◆ Exercise aim ◆
Where the data below shows a picture, leave that picture out and copy the rest exactly.

◆ Information supplied ◆
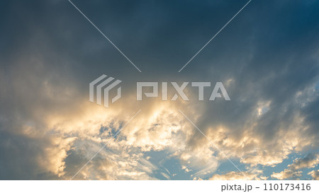 日没 夕焼けの染まる雲と空 背景素材 青色
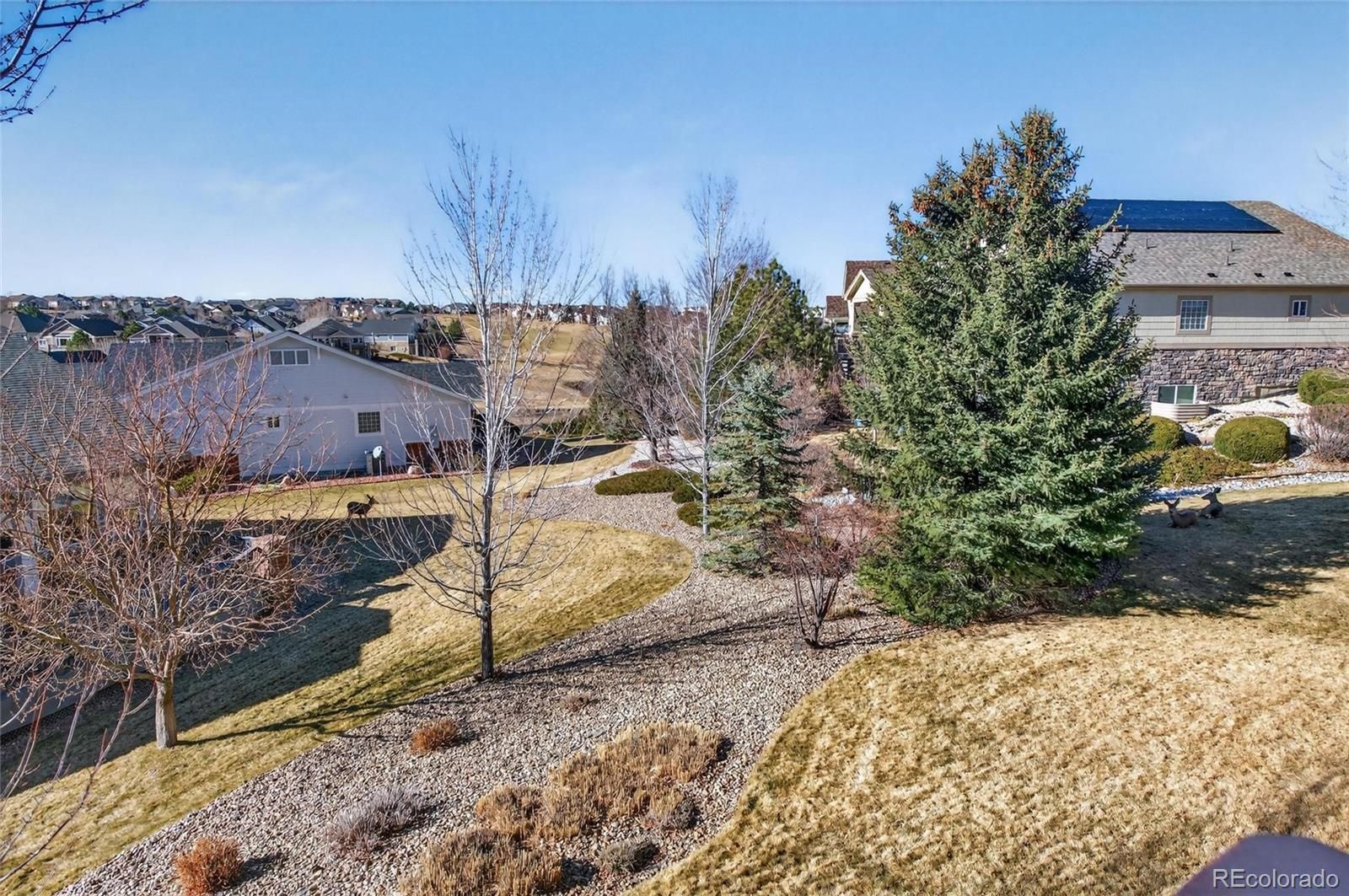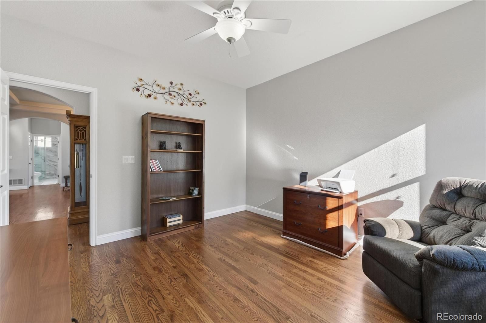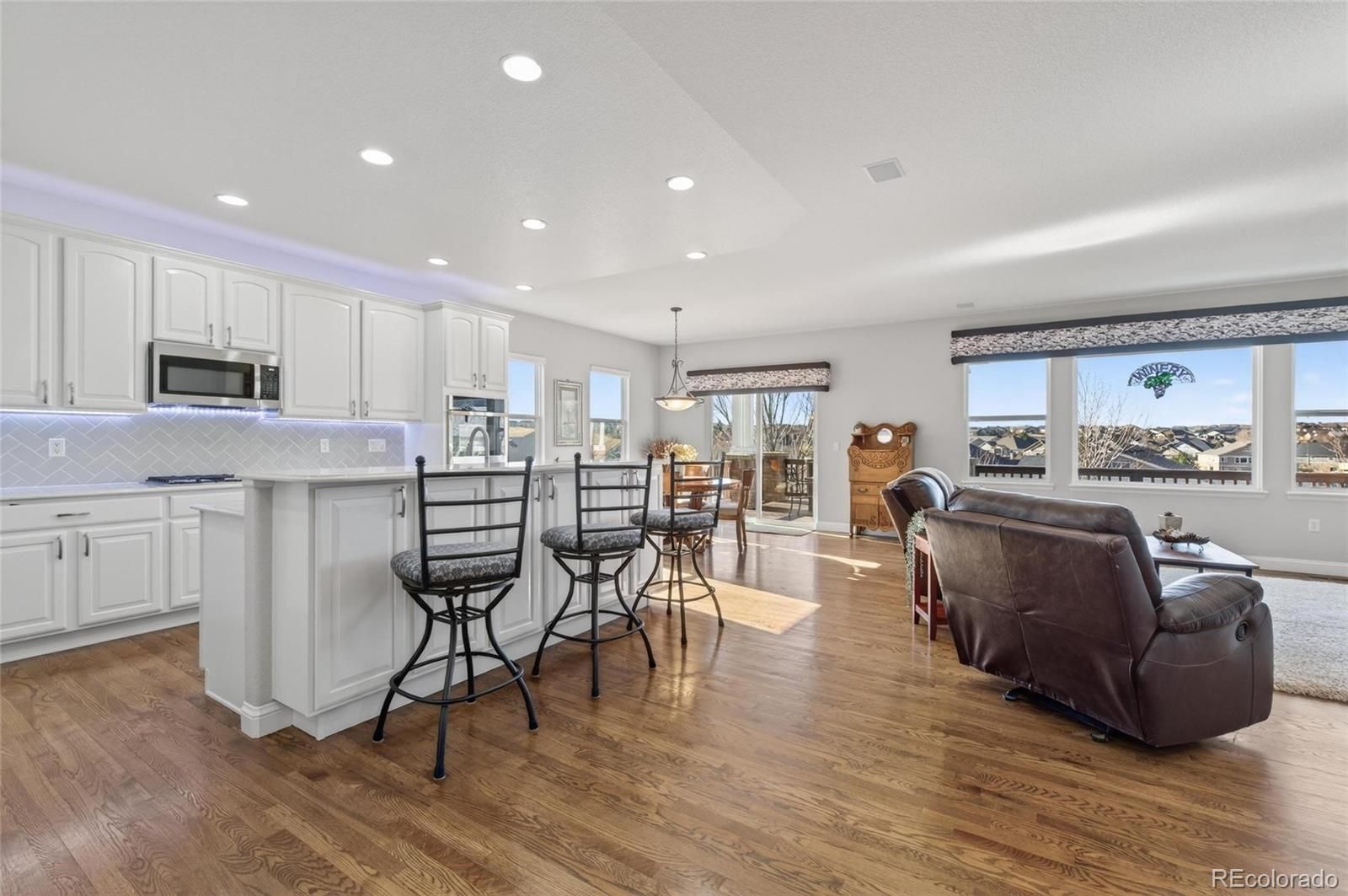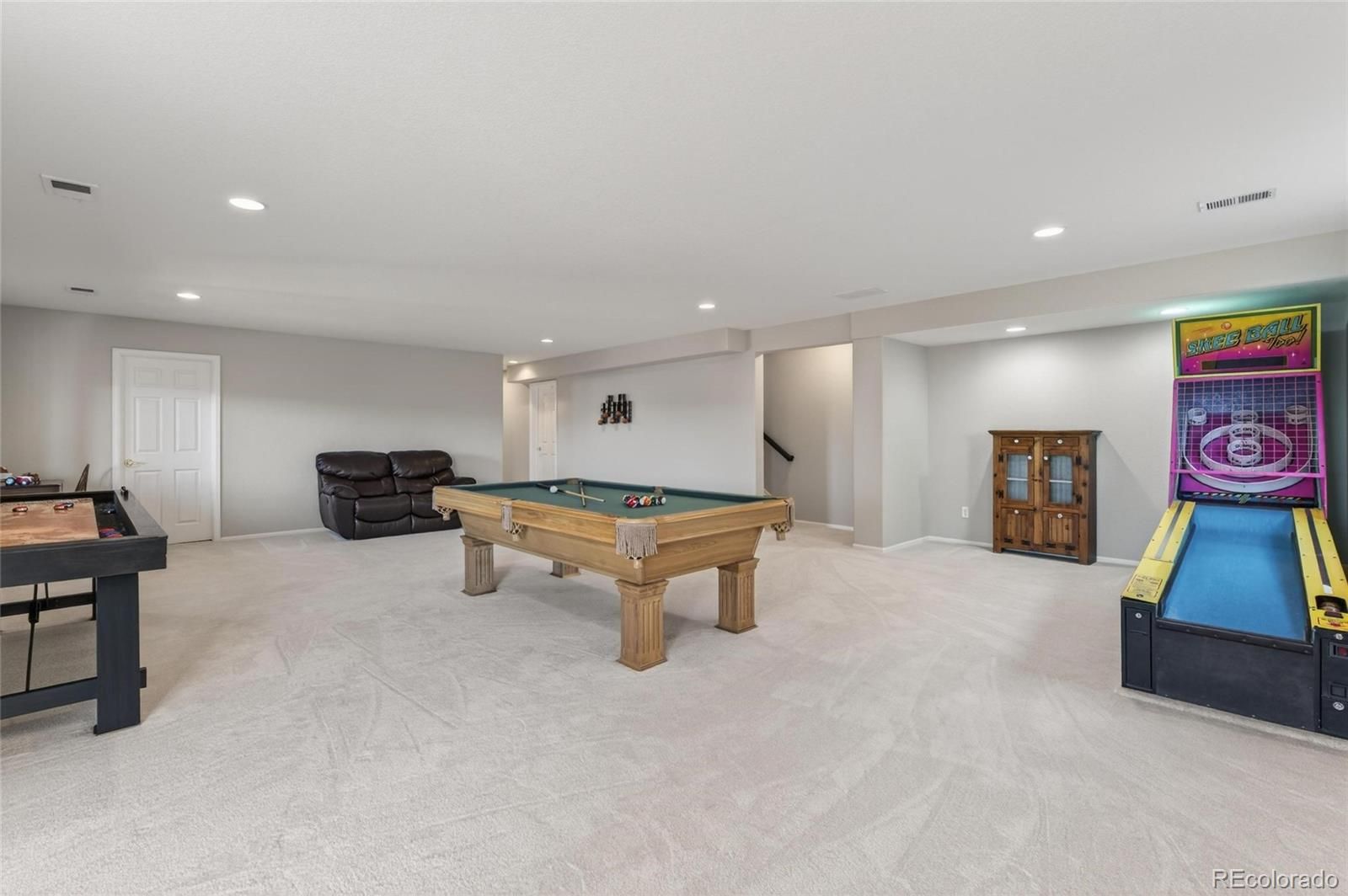 Don't miss the opportunity to own one of the finest ranch style homes located in Heritage Eagle Bend! Pride of ownership is evident throughout this exceptional property. Welcome to this stunning home featuring three bedrooms, three bathrooms, and an office. This residence is perfect for entertaining. The open floor plan is flooded with natural sunlight, thanks to numerous windows. Enjoy the beautiful Colorado sunsets from the spacious, partially covered, back deck. The great room is equipped with remote control blinds which adds convenience and sophistication, gas log fireplace, built-ins, and hardwood floors. The remodeled kitchen is a chef's dream, boasting new SS appliances, a gas range cooktop, double ovens, microwave, dishwasher, refrigerator, updated countertops, an abundance of cabinetry, stylish tiled backsplash, walk-in pantry, large island, and fun ambient lighting above and below the cabinetry. The kitchen also offers a large eating space. The formal dining area is ideal for hosting, featuring tray, ceilings, plantation shutters, and an open flow. The primary bedroom is a true retreat with double doors, tray ceilings, a ceiling fan, plantation shutters, newer carpet, fresh paint, and a remodeled en-suite bathroom offering large walk-in shower and a walk-in closet. The partially finished walkout basement includes a large family/rec room, nice patio, spacious bedroom, walk-in closet, full bath, plenty of sunlight, and huge storage room. Recent upgrades include a newer roof, newer furnace and air conditioning (2023). There is also a water softener. Gleaming hardwood floors, newer carpeting, fresh paint inside and out. Refinished and stained back deck, create an inviting and revitalized atmosphere. Oversized two car garage with an additional space for your golf cart. Once again - Pride of ownership is evident throughout this exceptional property.
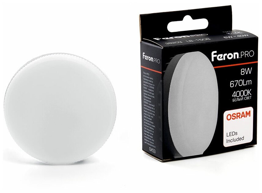 Лампа светодиодная LB-1508 GX53 8W 4000K, FERON 38203 (1 шт.)
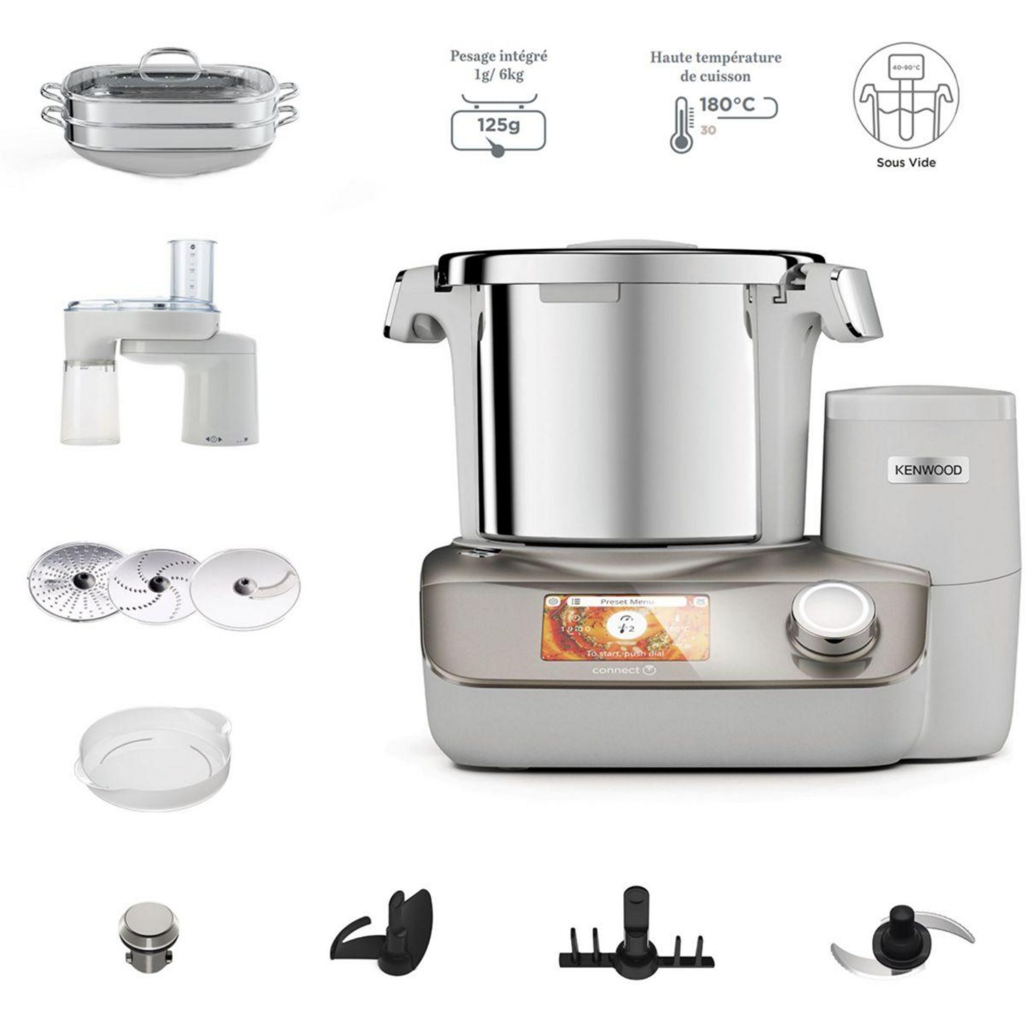 Livré avec | Livre de recettes, adaptateur fond plat, disque(s) éminceur, disque(s) râpeur, emulsionneur, mélangeur, panier de cuisson, panier vapeur, plateau de pesage, poussoir, spatule |

◆ Answer to this problem ◆
 日没 夕焼けの染まる雲と空 背景素材 青色
 Don't miss the opportunity to own one of the finest ranch style homes located in Heritage Eagle Bend! Pride of ownership is evident throughout this exceptional property. Welcome to this stunning home featuring three bedrooms, three bathrooms, and an office. This residence is perfect for entertaining. The open floor plan is flooded with natural sunlight, thanks to numerous windows. Enjoy the beautiful Colorado sunsets from the spacious, partially covered, back deck. The great room is equipped with remote control blinds which adds convenience and sophistication, gas log fireplace, built-ins, and hardwood floors. The remodeled kitchen is a chef's dream, boasting new SS appliances, a gas range cooktop, double ovens, microwave, dishwasher, refrigerator, updated countertops, an abundance of cabinetry, stylish tiled backsplash, walk-in pantry, large island, and fun ambient lighting above and below the cabinetry. The kitchen also offers a large eating space. The formal dining area is ideal for hosting, featuring tray, ceilings, plantation shutters, and an open flow. The primary bedroom is a true retreat with double doors, tray ceilings, a ceiling fan, plantation shutters, newer carpet, fresh paint, and a remodeled en-suite bathroom offering large walk-in shower and a walk-in closet. The partially finished walkout basement includes a large family/rec room, nice patio, spacious bedroom, walk-in closet, full bath, plenty of sunlight, and huge storage room. Recent upgrades include a newer roof, newer furnace and air conditioning (2023). There is also a water softener. Gleaming hardwood floors, newer carpeting, fresh paint inside and out. Refinished and stained back deck, create an inviting and revitalized atmosphere. Oversized two car garage with an additional space for your golf cart. Once again - Pride of ownership is evident throughout this exceptional property.
 Лампа светодиодная LB-1508 GX53 8W 4000K, FERON 38203 (1 шт.)
 Livré avec | Livre de recettes, adaptateur fond plat, disque(s) éminceur, disque(s) râpeur, emulsionneur, mélangeur, panier de cuisson, panier vapeur, plateau de pesage, poussoir, spatule |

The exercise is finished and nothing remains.